Provided entries =>

━━━━━━━━━━━━━━━━━━━━━━━━━━━━━━

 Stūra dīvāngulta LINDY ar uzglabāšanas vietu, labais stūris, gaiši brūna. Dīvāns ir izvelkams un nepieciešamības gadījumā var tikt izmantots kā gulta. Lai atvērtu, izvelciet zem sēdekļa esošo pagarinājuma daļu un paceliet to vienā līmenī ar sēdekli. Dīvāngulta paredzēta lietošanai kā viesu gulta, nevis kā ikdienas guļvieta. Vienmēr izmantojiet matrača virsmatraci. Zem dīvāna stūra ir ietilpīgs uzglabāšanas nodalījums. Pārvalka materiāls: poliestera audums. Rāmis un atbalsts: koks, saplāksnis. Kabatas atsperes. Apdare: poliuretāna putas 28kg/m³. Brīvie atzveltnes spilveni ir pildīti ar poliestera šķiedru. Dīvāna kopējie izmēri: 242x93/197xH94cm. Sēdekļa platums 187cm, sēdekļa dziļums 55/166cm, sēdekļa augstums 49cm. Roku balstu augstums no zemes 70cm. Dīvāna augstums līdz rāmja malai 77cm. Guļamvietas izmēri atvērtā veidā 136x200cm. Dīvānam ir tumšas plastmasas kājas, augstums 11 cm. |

━━━━━━━━━━━━━━━━━━━━━━━━━━━━━━

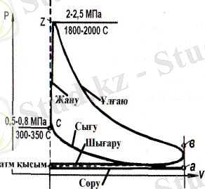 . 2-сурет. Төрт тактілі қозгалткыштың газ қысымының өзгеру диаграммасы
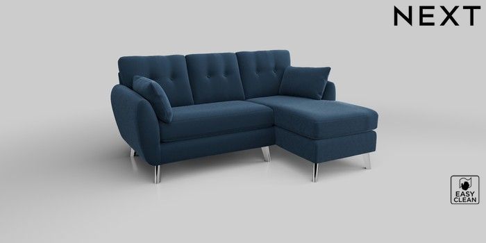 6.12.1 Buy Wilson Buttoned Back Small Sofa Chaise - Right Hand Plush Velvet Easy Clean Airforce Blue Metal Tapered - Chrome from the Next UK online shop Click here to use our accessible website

━━━━━━━━━━━━━━━━━━━━━━━━━━━━━━

Assignment =>
Above are some records. Output exactly the lines from the one that contains "қысымының өзгеру диаграммасы" to the one that contains "6.12.1 Buy Wilson", keeping both, and omit the pictures.

Output for this task =>
 . 2-сурет. Төрт тактілі қозгалткыштың газ қысымының өзгеру диаграммасы
 6.12.1 Buy Wilson Buttoned Back Small Sofa Chaise - Right Hand Plush Velvet Easy Clean Airforce Blue Metal Tapered - Chrome from the Next UK online shop Click here to use our accessible website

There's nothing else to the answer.